▶ _Problem to work on_: All lines in the records below from the line with "下图显示了笔划和基本容量之间" through the line with "Muestra tu pasión" are to be given again exactly, both ends included; the pictures are to be left out.

▶ _Data provided_:
● ● ● ●

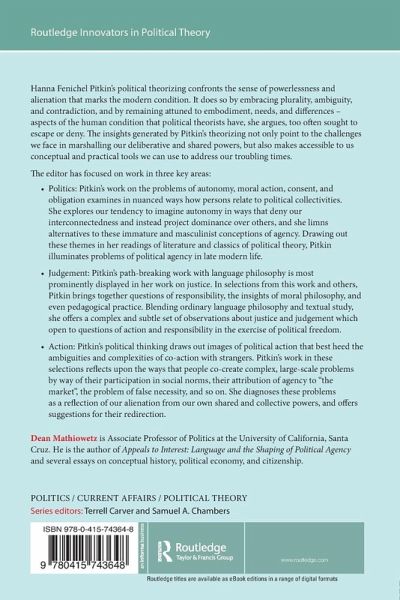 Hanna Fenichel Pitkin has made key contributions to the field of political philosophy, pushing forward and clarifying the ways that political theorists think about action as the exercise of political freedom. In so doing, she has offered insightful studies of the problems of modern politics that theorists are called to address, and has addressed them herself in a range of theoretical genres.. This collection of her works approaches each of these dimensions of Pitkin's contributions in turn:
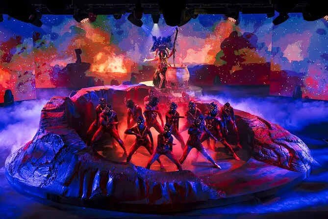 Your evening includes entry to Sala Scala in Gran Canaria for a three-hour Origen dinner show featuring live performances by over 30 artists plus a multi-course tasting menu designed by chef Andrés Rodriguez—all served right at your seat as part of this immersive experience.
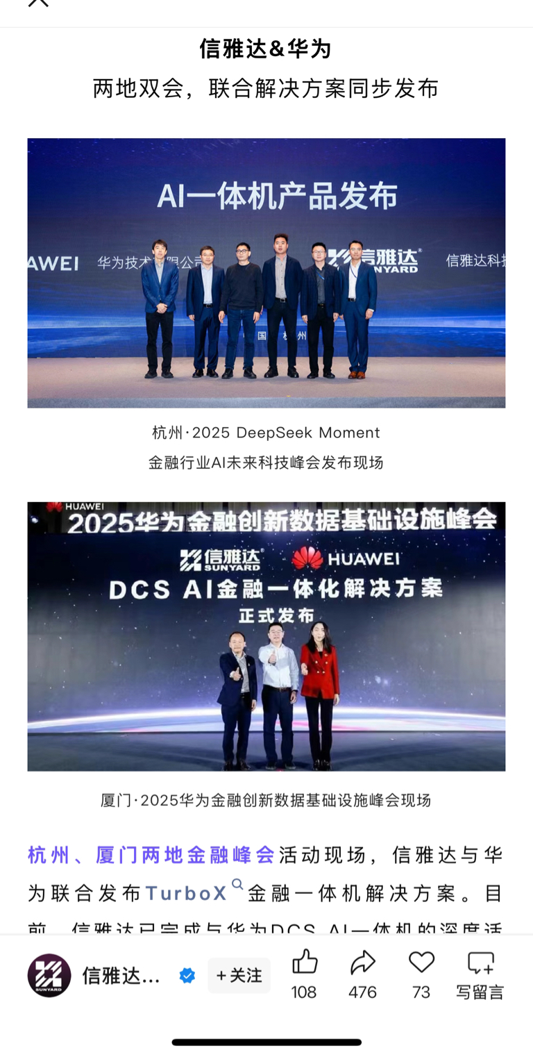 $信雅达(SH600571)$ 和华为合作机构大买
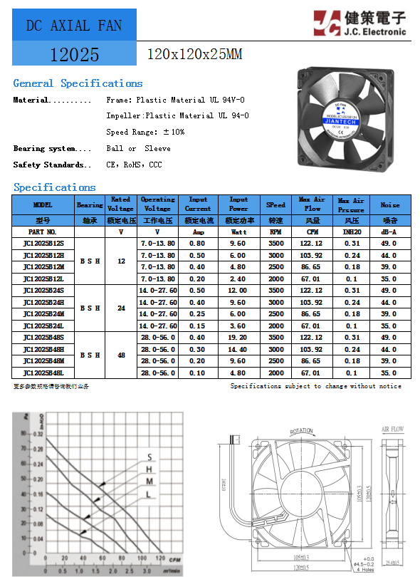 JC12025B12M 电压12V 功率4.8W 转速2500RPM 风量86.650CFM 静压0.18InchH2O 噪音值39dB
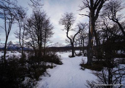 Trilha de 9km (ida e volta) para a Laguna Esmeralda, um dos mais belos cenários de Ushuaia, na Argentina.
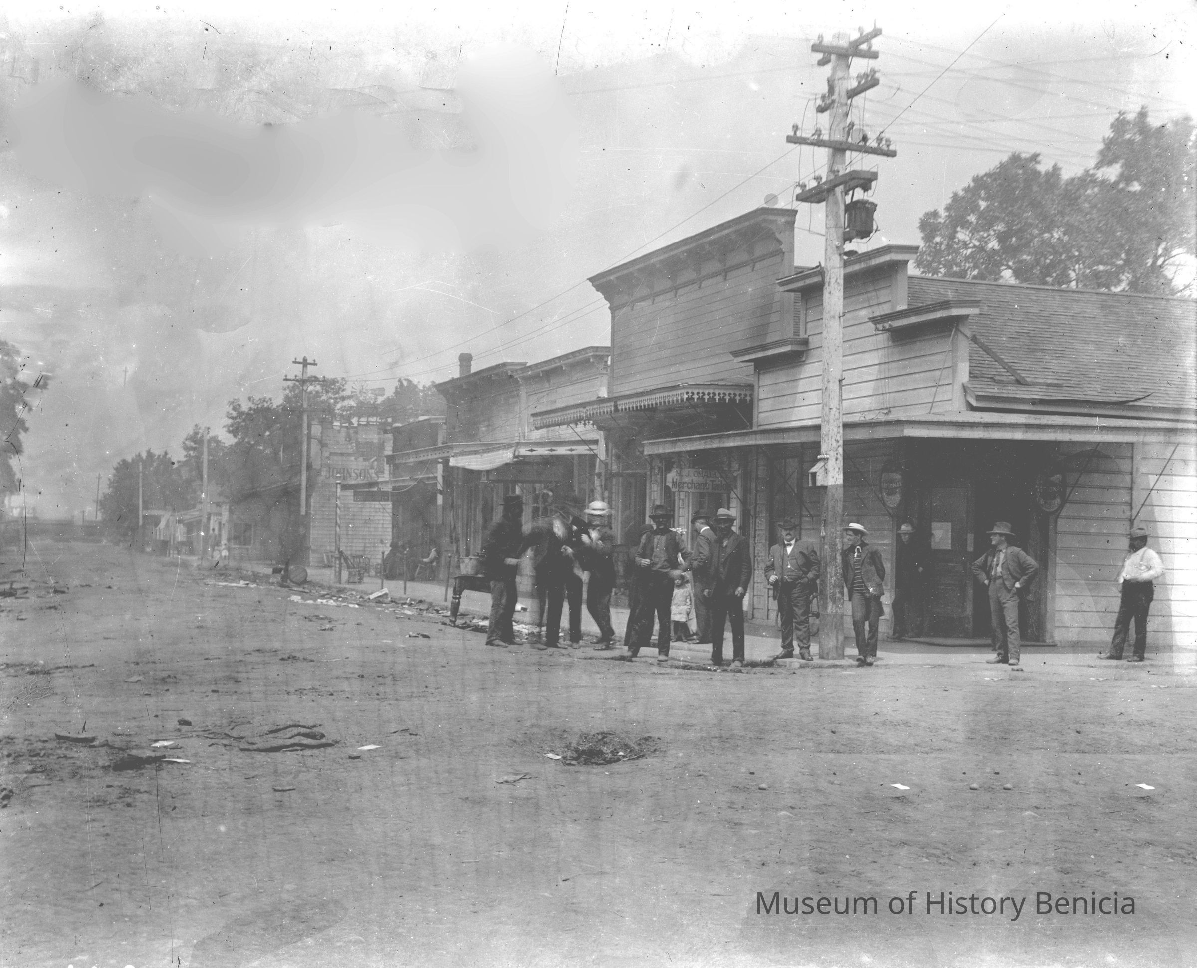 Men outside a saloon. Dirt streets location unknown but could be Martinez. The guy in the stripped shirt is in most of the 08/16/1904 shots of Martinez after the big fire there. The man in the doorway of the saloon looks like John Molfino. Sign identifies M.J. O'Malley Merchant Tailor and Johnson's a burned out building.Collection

● ● ● ●

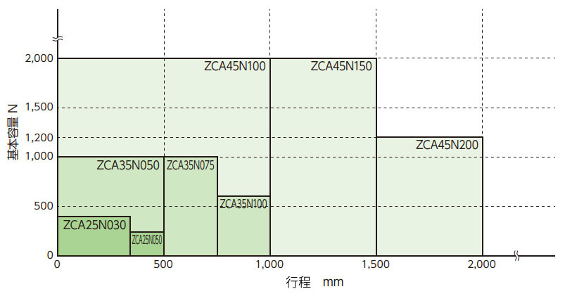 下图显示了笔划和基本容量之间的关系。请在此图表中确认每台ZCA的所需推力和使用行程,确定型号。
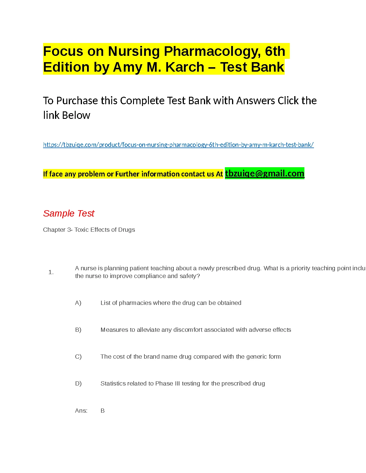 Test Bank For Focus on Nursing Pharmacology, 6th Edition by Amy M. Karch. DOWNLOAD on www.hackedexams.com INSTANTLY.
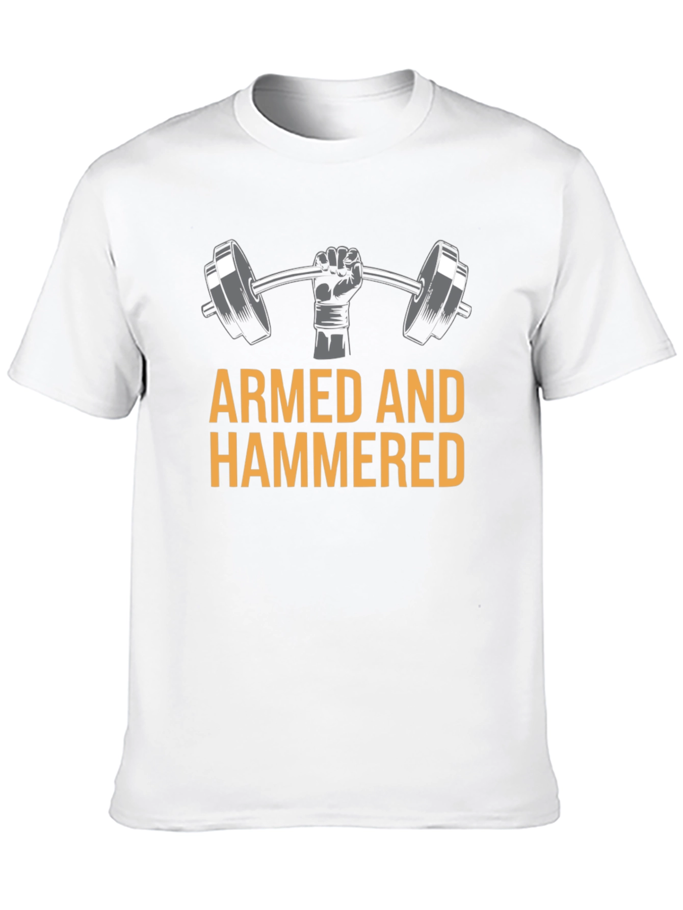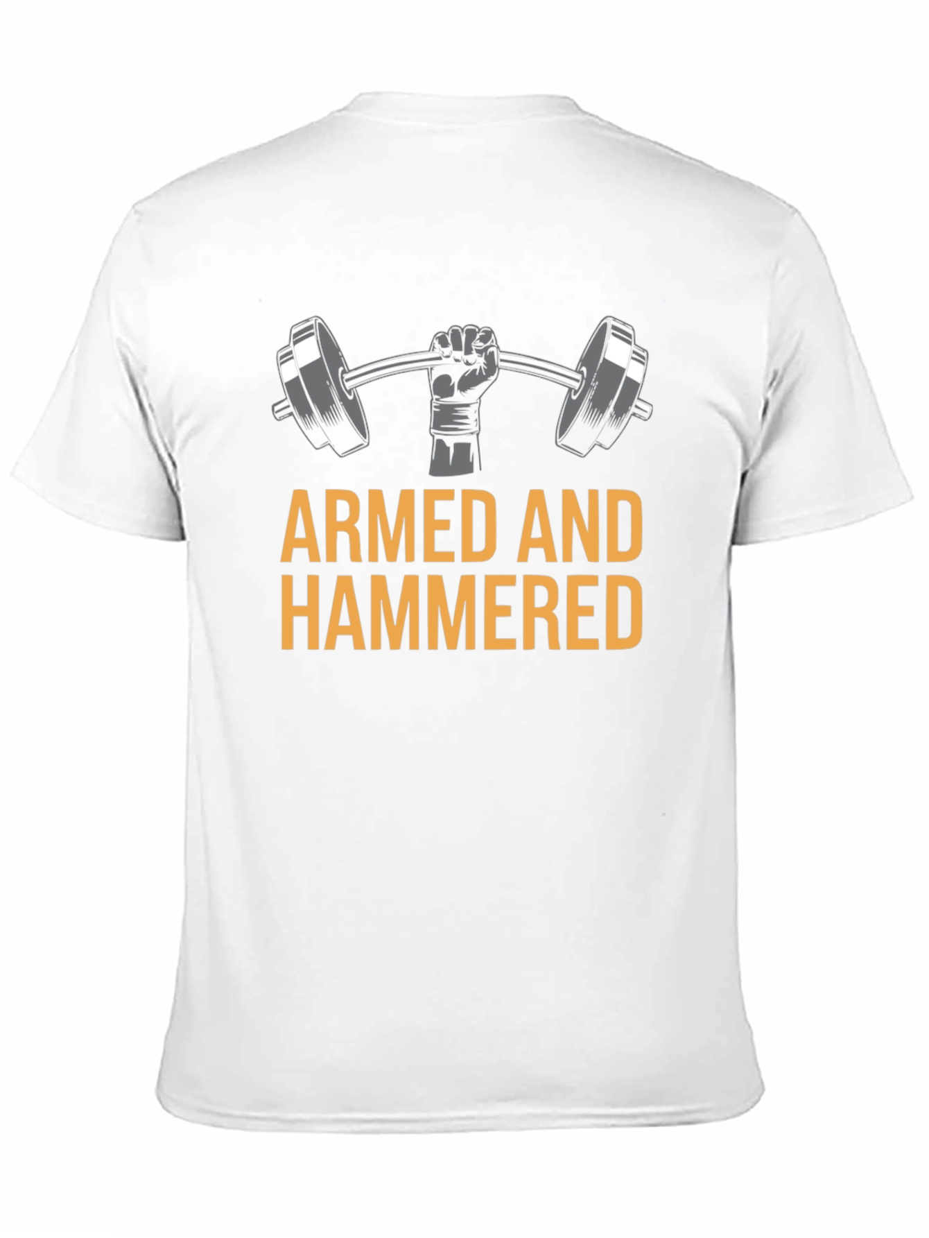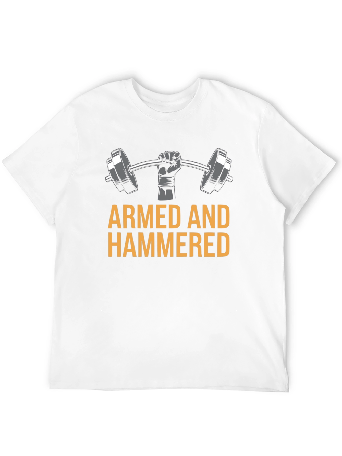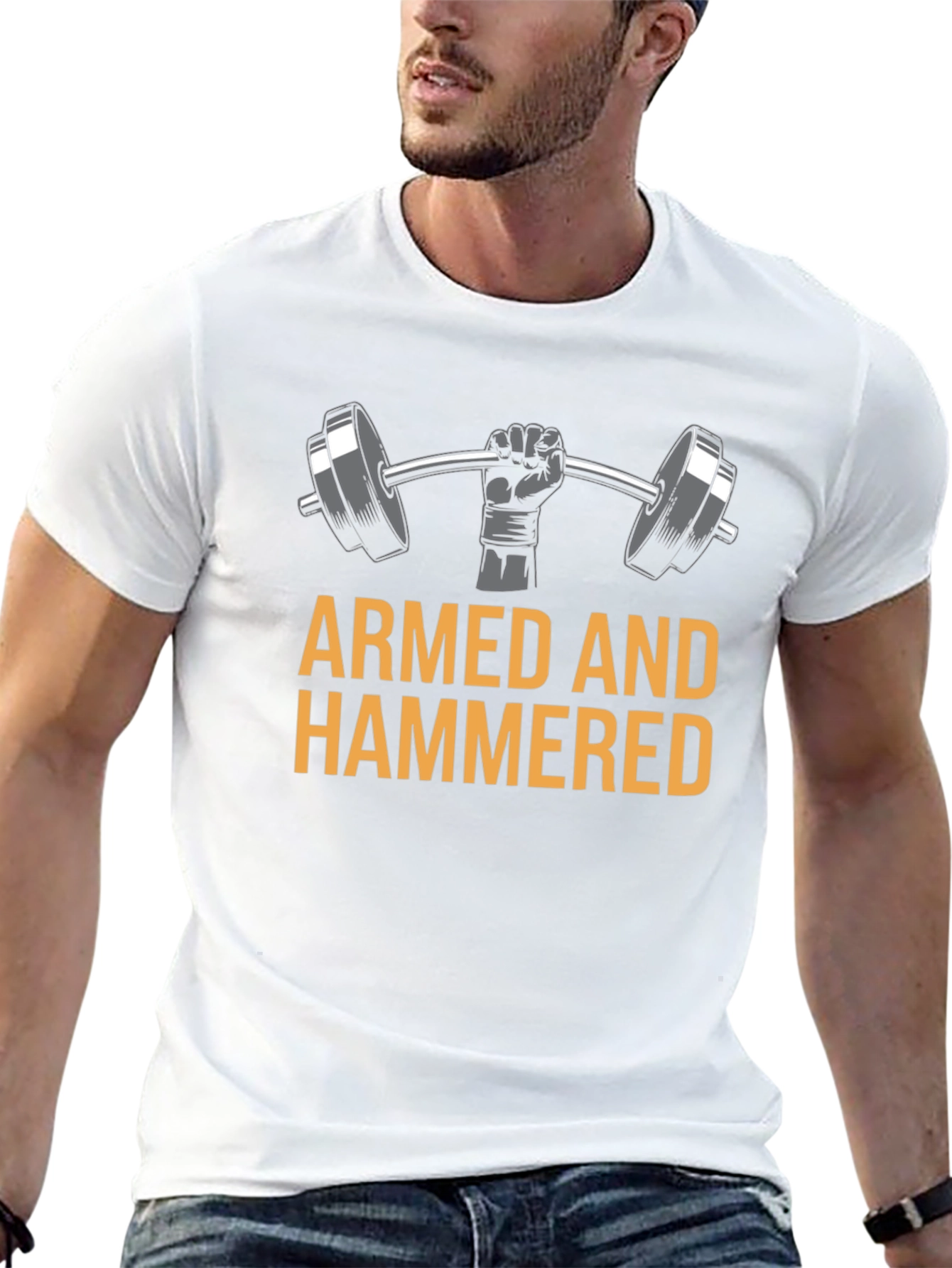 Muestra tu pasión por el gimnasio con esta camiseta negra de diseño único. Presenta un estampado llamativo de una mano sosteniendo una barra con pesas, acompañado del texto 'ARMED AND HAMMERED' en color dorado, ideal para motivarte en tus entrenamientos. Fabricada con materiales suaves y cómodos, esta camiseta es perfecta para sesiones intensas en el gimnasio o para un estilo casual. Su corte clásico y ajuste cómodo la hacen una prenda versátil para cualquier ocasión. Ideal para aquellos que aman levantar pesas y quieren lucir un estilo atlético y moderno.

● ● ● ●

▶ _Written answer_:
 下图显示了笔划和基本容量之间的关系。请在此图表中确认每台ZCA的所需推力和使用行程,确定型号。
 Test Bank For Focus on Nursing Pharmacology, 6th Edition by Amy M. Karch. DOWNLOAD on www.hackedexams.com INSTANTLY.
 Muestra tu pasión por el gimnasio con esta camiseta negra de diseño único. Presenta un estampado llamativo de una mano sosteniendo una barra con pesas, acompañado del texto 'ARMED AND HAMMERED' en color dorado, ideal para motivarte en tus entrenamientos. Fabricada con materiales suaves y cómodos, esta camiseta es perfecta para sesiones intensas en el gimnasio o para un estilo casual. Su corte clásico y ajuste cómodo la hacen una prenda versátil para cualquier ocasión. Ideal para aquellos que aman levantar pesas y quieren lucir un estilo atlético y moderno.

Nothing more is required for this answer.